* [TASK DIRECTIONS] Could you return all of the entries word for word, minus any pictures?
--- SUPPLIED INFORMATION Enclosed Below ---
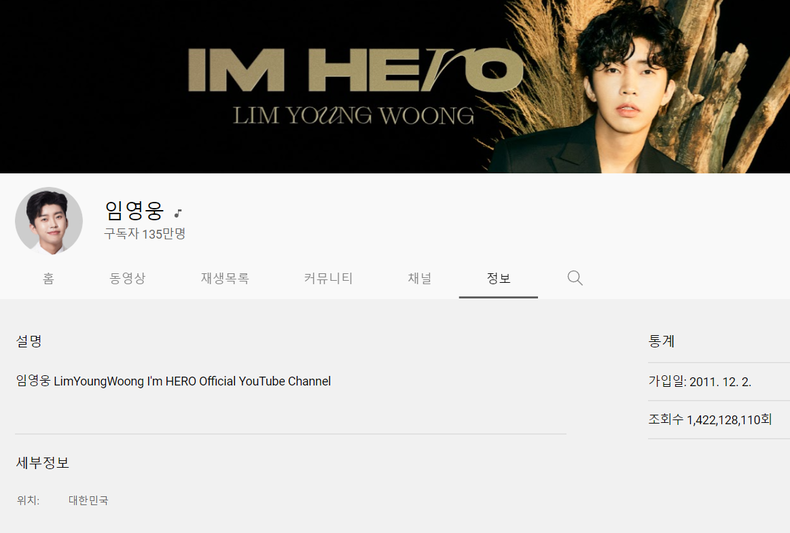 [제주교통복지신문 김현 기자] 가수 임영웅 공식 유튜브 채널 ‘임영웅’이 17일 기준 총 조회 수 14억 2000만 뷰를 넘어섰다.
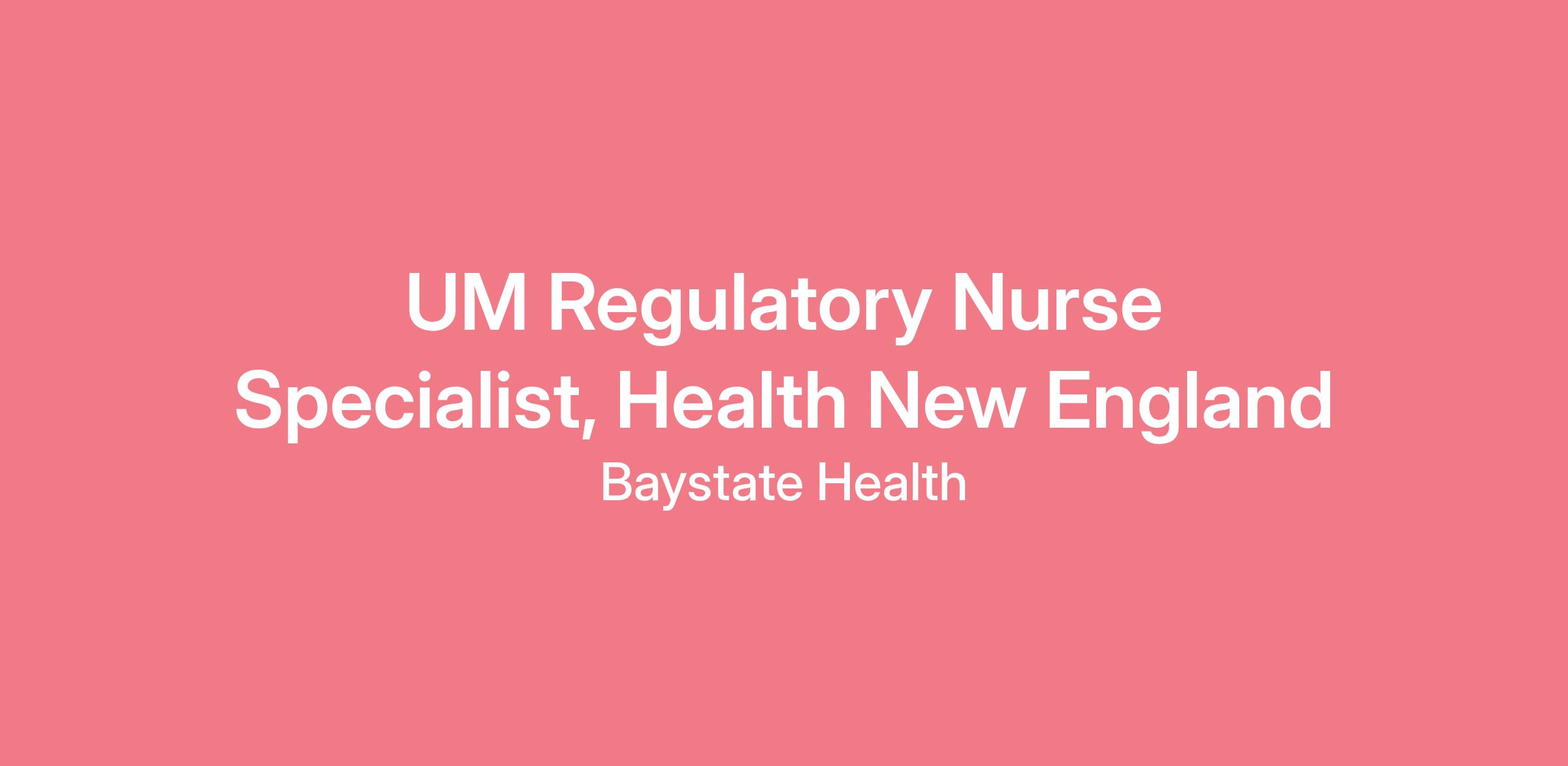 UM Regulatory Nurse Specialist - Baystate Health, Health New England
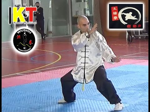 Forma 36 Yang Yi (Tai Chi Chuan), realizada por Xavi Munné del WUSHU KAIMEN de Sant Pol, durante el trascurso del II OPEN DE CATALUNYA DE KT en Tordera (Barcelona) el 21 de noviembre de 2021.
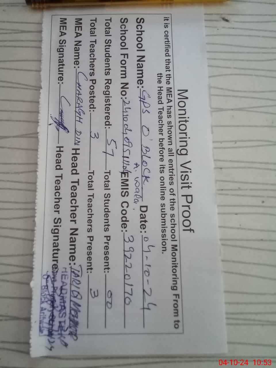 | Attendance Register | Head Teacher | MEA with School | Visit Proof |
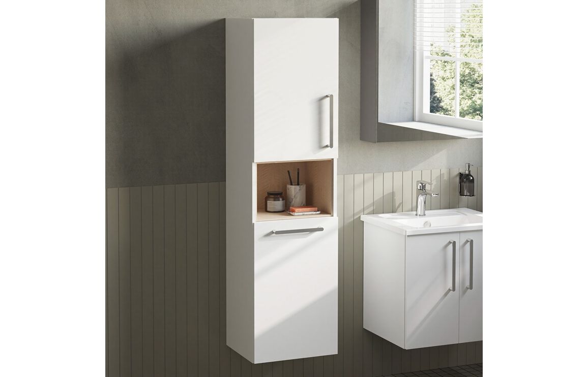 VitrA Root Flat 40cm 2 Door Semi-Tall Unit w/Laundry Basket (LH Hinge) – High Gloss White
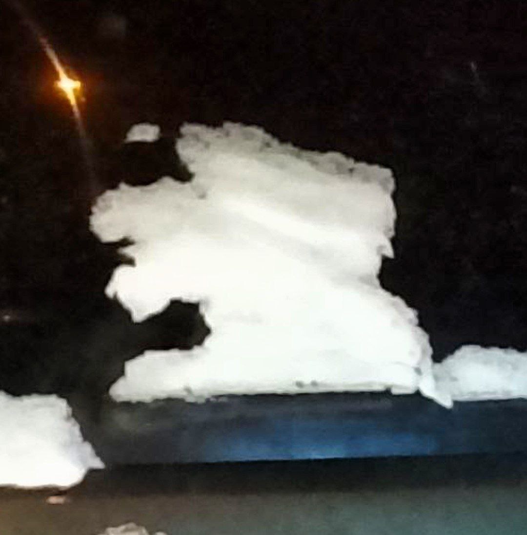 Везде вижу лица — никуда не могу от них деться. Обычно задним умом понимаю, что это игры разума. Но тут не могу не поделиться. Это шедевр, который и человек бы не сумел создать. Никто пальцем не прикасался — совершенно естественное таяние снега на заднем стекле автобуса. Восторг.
--- End of Enclosed SUPPLIED INFORMATION ---
* [COMPLETED EXERCISE]
 [제주교통복지신문 김현 기자] 가수 임영웅 공식 유튜브 채널 ‘임영웅’이 17일 기준 총 조회 수 14억 2000만 뷰를 넘어섰다.
 UM Regulatory Nurse Specialist - Baystate Health, Health New England
 Forma 36 Yang Yi (Tai Chi Chuan), realizada por Xavi Munné del WUSHU KAIMEN de Sant Pol, durante el trascurso del II OPEN DE CATALUNYA DE KT en Tordera (Barcelona) el 21 de noviembre de 2021.
 | Attendance Register | Head Teacher | MEA with School | Visit Proof |
 VitrA Root Flat 40cm 2 Door Semi-Tall Unit w/Laundry Basket (LH Hinge) – High Gloss White
 Везде вижу лица — никуда не могу от них деться. Обычно задним умом понимаю, что это игры разума. Но тут не могу не поделиться. Это шедевр, который и человек бы не сумел создать. Никто пальцем не прикасался — совершенно естественное таяние снега на заднем стекле автобуса. Восторг.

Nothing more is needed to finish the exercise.